Sempre Mantellini: “Per questo lo screening può essere un salvavita e l’estensione della sua fascia di età, come anche documentato dalle Linee guida europee e italiane, è cruciale per garantire maggiore quantità e qualità di vita. Per questo motivo è importante, inoltre, dare una formalizzazione a questa proposta introducendo l’ampliamento nei Livelli essenziali di assistenza e facilitando quindi l’allargamento anche nelle Regioni in cui vigono i piani di rientro”.

“Del resto il programma di screening mammografico organizzato – afferma Silvia Deandrea, presidente della Federazione delle associazioni degli screening oncologici e del Gruppo italiano screening mammografico – chiama periodicamente le donne a effettuare una mammografia, garantendo che l’esame venga eseguito in modo totalmente gratuito, secondo parametri certificati di qualità ed efficacia.
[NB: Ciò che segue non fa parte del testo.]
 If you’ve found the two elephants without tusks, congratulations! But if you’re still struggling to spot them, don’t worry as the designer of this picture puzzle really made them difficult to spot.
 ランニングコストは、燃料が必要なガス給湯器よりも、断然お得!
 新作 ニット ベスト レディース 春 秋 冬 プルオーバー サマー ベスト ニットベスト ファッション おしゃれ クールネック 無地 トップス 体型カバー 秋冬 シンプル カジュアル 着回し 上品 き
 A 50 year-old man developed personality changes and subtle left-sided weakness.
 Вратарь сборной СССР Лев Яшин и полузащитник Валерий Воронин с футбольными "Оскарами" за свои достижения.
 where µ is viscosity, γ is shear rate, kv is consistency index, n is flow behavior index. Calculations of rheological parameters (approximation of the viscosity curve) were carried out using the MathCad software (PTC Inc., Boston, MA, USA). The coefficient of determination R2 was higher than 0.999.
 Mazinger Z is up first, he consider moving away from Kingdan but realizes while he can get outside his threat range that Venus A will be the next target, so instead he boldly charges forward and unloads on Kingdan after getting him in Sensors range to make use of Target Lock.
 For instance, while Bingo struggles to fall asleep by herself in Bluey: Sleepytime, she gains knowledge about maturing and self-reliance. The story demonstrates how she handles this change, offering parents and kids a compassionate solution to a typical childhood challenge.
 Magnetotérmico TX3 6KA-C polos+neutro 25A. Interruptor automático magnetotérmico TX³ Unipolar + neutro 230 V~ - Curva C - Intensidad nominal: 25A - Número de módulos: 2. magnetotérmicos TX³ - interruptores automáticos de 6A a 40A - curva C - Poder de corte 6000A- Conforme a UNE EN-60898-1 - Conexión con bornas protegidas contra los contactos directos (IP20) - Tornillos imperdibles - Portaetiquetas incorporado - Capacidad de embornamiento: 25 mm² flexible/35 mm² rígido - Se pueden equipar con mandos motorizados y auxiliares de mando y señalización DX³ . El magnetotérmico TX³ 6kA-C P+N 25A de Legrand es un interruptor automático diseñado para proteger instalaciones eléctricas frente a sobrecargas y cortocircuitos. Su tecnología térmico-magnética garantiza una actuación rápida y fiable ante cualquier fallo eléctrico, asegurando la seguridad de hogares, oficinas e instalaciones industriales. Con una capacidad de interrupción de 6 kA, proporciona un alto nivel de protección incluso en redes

Le immagini radiologiche sono interpretate in doppio cieco da due radiologi indipendenti per massimizzare l’accuratezza diagnostica e i centri in cui viene svolto lo screening sono direttamente collegati alle Breast Unit, strutture multidisciplinari specializzate che assicurano una presa in carico tempestiva e completa in caso di diagnosi”.

“Ampliare la fascia di età a cui lo screening è garantito rappresenta certamente un costo per il Servizio sanitario nazionale – aggiunge D’Antona -, ma non farlo sarebbe un clamoroso autogol. A pagarne le conseguenze sarebbero in primo luogo le donne, private della possibilità di intercettare per tempo un tumore che, se diagnosticato precocemente, può essere curato. Ma a perdere è anche l’intera collettività. Investire nella prevenzione significa infatti evitare i costi ben più alti che si sosterrebbero a curare tumori scoperti in fase avanzata a causa di diagnosi tardive”.

Conclude D’Antona: “Ci teniamo a sottolineare che, quando parliamo di costi, non ci riferiamo solo a quelli economici, ma anche a quelli sociali, lavorativi, psicologici e, non ultimi, affettivi: quando una donna si ammala di tumore al seno, tutto il sistema di relazioni e affetti intorno a lei ne è colpito”.